Which lines run from the one containing "একই সঙ্গে এই" through the end of the data? Write them out exactly, with the pictures left out.

Collected material ▸
^^^^^^^^^^^^^^^^
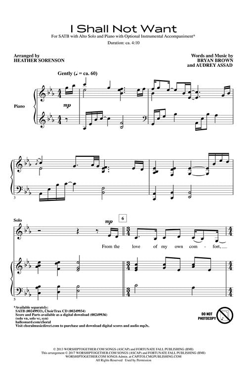 I Shall Not Want Praisesong Choral Satb Audrey Assad
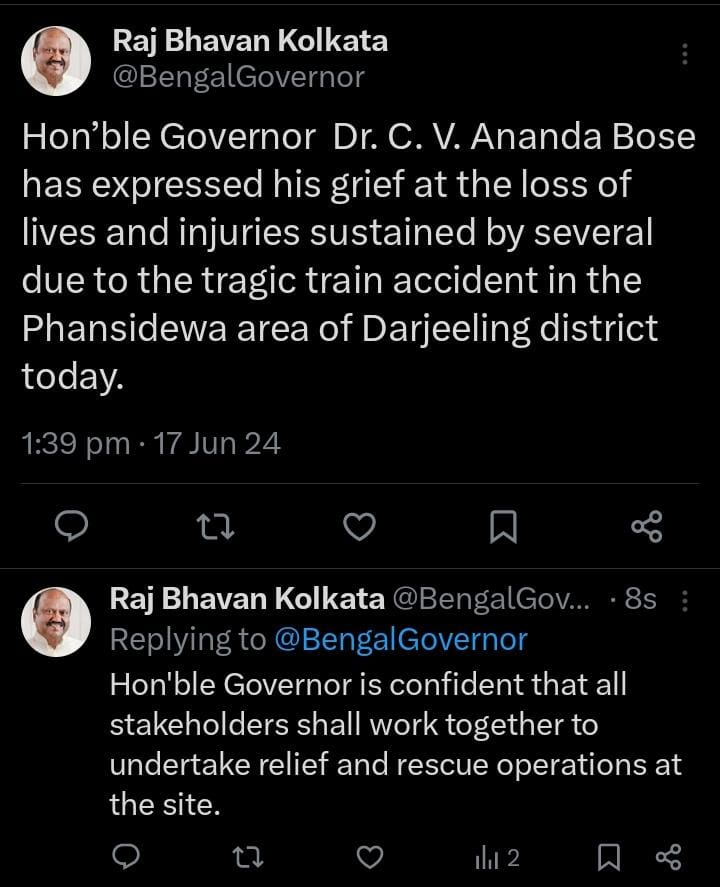 একই সঙ্গে এই দুর্ঘটনায় শোকপ্রকাশ করেছেন রাজ্যপাল সিভি আনন্দ বোস । রাজভবনের পক্ষ থেকে সামাজিক মাধ্যমে জানানো হয় সকলে একযোগে মিলে উদ্ধার কাজ চালিয়ে যাবেন ।
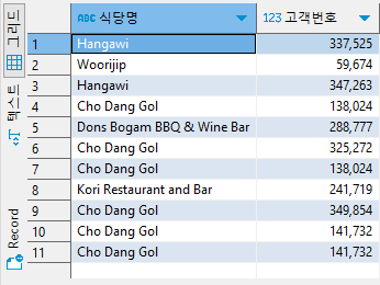 SELECT restaurant_name '식당명', customer_id '고객번호'
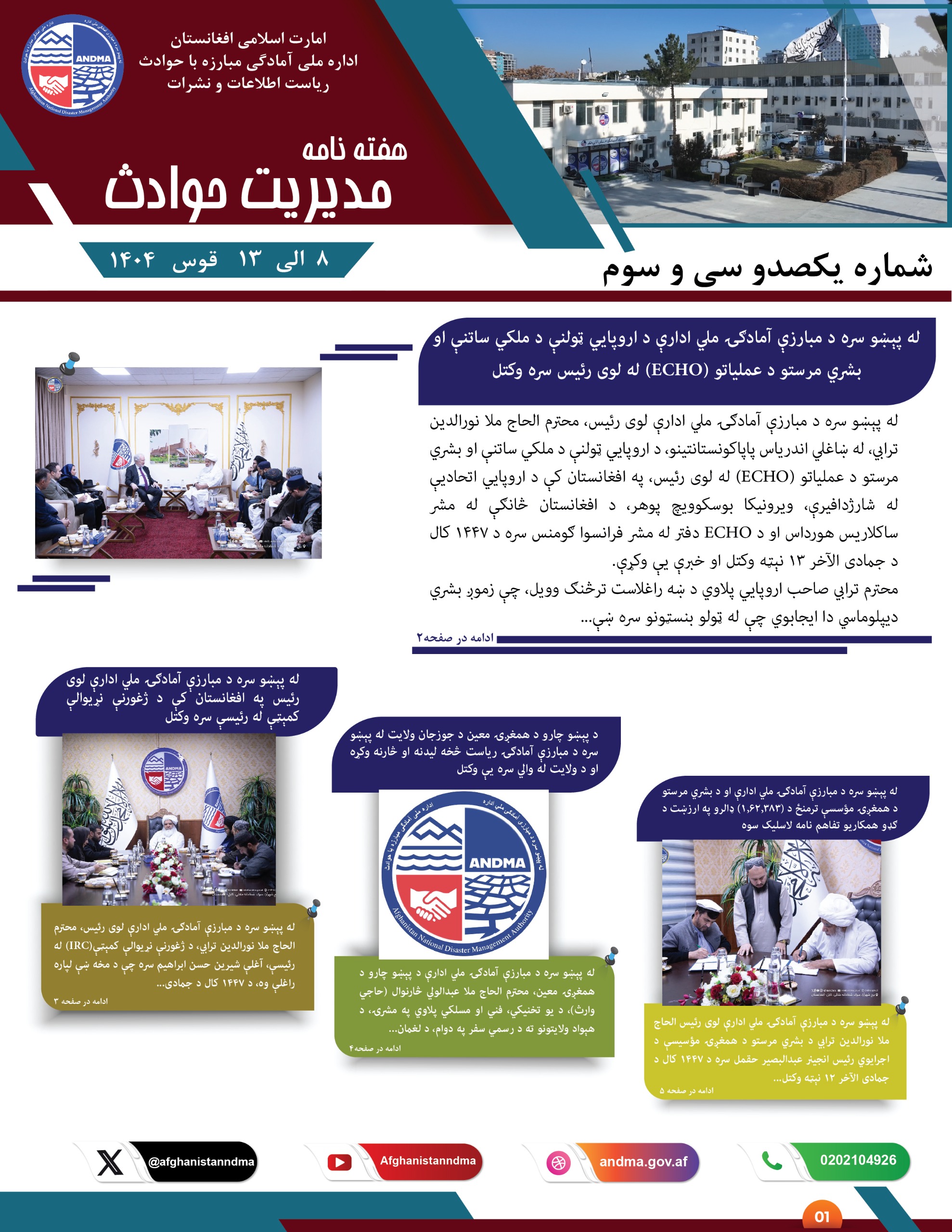 د سیلابي لارو او د خوړونو د پاکولو په هکله له پېښو سره د مبارزې آمادګۍ ملي ادارې د لوی رئیس، محترم الحاج ملا نورالدین ترابي د لارښوونې له پر بنسټ، د پنجشیر ولایت له پېښو سره د مبارزې. . .
^^^^^^^^^^^^^^^^
Output of the exercise ▸
 একই সঙ্গে এই দুর্ঘটনায় শোকপ্রকাশ করেছেন রাজ্যপাল সিভি আনন্দ বোস । রাজভবনের পক্ষ থেকে সামাজিক মাধ্যমে জানানো হয় সকলে একযোগে মিলে উদ্ধার কাজ চালিয়ে যাবেন ।
 SELECT restaurant_name '식당명', customer_id '고객번호'
 د سیلابي لارو او د خوړونو د پاکولو په هکله له پېښو سره د مبارزې آمادګۍ ملي ادارې د لوی رئیس، محترم الحاج ملا نورالدین ترابي د لارښوونې له پر بنسټ، د پنجشیر ولایت له پېښو سره د مبارزې. . .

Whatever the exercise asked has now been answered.